His comments came against a backdrop of an escalating war of words between Iran and the United States, which has hinted at possible military action over Tehran's nuclear programme which it alleges is a cover to build an atomic bomb.

"If the United States wants to attack the Islamic republic, it must know that Iran has no limits to defend itself and will be capable of delivering fatal blows against the aggressor wherever it decides," Zolghadr said.

"We will not welcome war but if the United States commits an error, we will give them such a lesson that they will never recover."

In recent days US officials have hardened their tone against Iran, which US President George W. Bush has already lumped into an "axis of evil".

Earlier this month, Bush said he could not rule out using force if Tehran failed to rein in its nuclear plans, and US Vice President Dick Cheney said Iran was "right at the top of the list" of global trouble spots.

While Iran insists its nuclear activities are strictly peaceful, Britain, France and Germany are engaged in diplomatic efforts to secure long-term guarantees that the clerical regime will not seek the bomb.

Iran denied that its negotiations with the three major European powers are at an impasse after reports the EU was hardening its stance and calling on Tehran completely to dismantle its nuclear fuel programme in order to guarantee that it does not seek atomic weapons.

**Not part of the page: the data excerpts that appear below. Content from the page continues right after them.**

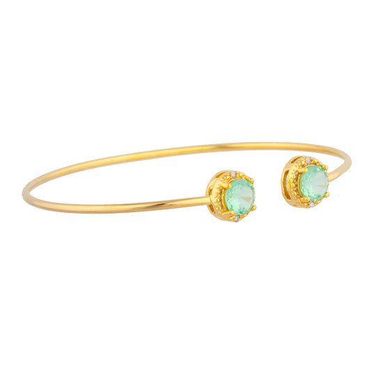 14Kt Gold Green Sapphire & Diamond Round Bangle Bracelet
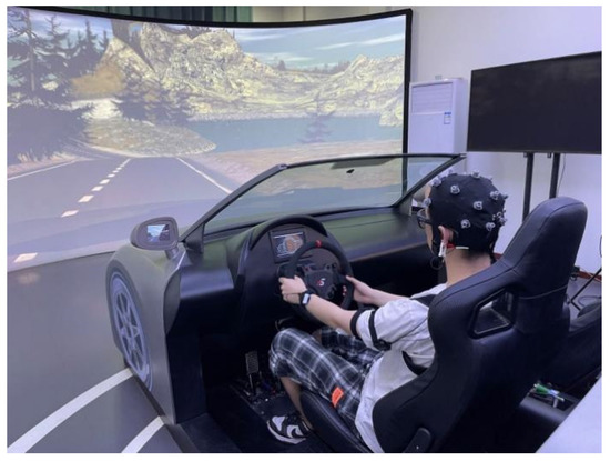 The experiment was conducted in the laboratory of Jinfa Technology Co., Ltd. The ErgoSIM intelligent cockpit human factors evaluation driving simulation system is based on the “human–vehicle–road environment” and “human-information–physical” systems theory. The ErgoSIM laboratory driving simulation scenario is shown in Figure 1. It is designed and constructed to evaluate human factors in traffic driving and intelligent cockpits. The laboratory uses the ErgoLAB human–vehicle–road environment synchronization platform as its core, enabling the real-time collection of data related to humans, vehicles, and road environments. These data were used to analyze drivers’ behaviors, cognitive load, emotional arousal, fatigue, and comfort under different environments and tasks, providing valuable information for the design and optimization of cockpit layouts, Human–Machine Interface (HMI) systems, smart system designs, and interaction methods.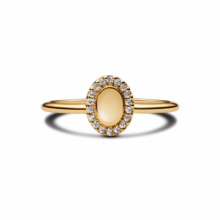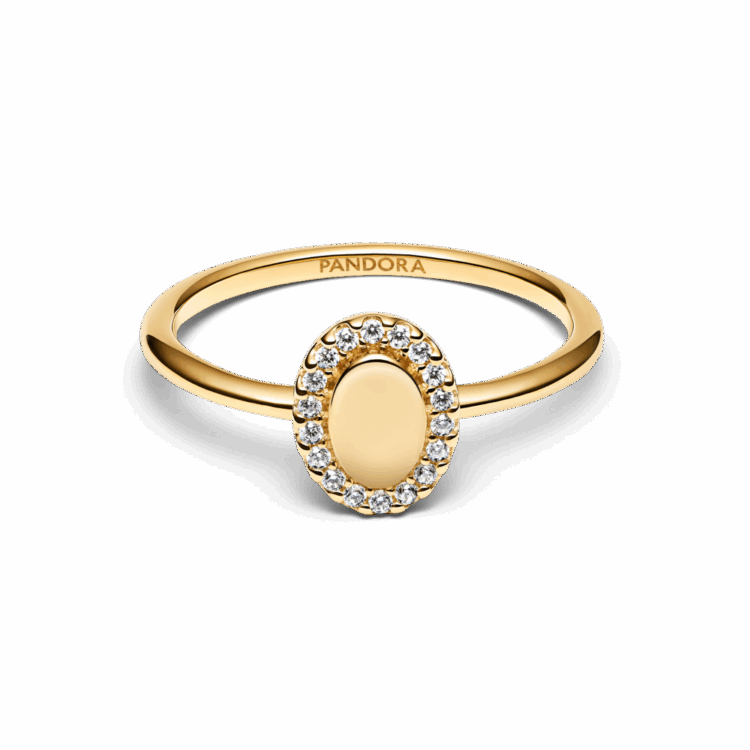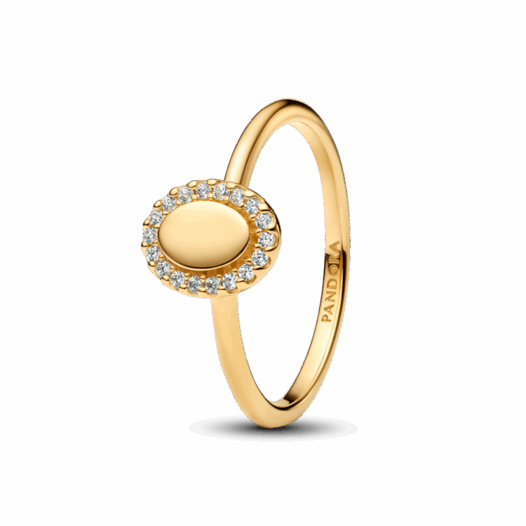 טבעת בציפוי זהב 14 קראט עם אליפסה במרכז המוקפת בזרקונים נוצצים בשיבוץ פאווה

"The publication of such reports is aimed at overshadowing the constructive nature of the negotiations and demonstrates the discontent of those who are not satisfied with their progress and are trying to prevent their success," foreign ministry spokesman Hamid Reza Asefi said, according to press reports Thursday.

Iran has suspended uranium enrichment as a confidence-building measure but the EU now wants it to definitively abandon enrichment as well as any activities for making plutonium.

According to a report on a closed-door meeting in Geneva this month, representatives of Britain, France and Germany told Iran that "nothing short of full cessation and dismantling of Iran's fuel cycle efforts would give the EU3 the objective guarantees they need that Iran's nuclear program is peaceful."

Iran insists its nuclear activities are peaceful and that the nuclear Non-Proliferation Treaty guarantees a right to peaceful enrichment activities.

The Geneva meeting was the second round of talks on a potentially lucrative trade pact after a deal clinched in November by the Europeans for Iran to suspend uranium enrichment, the key process that makes what can be fuel for nuclear reactors but also the explosive core of atomic bombs.

The trade deal forms part of a package of incentives for Iran if the talks produce "objective guarantees" that the country is not seeking to develop nuclear weapons.

But top nuclear negotiator Hossein Moussavian said "the question of halting Iran's nuclear activities has never been a part of the negotiations" with the

"The objective that has been fixed is for Iran to deliver objective guarantees to the other side so that they can be certain the Iranian nuclear fuel cycle will always stay peaceful and never be used to make an atomic bomb," he was quoted as saying by the Shargh newspaper.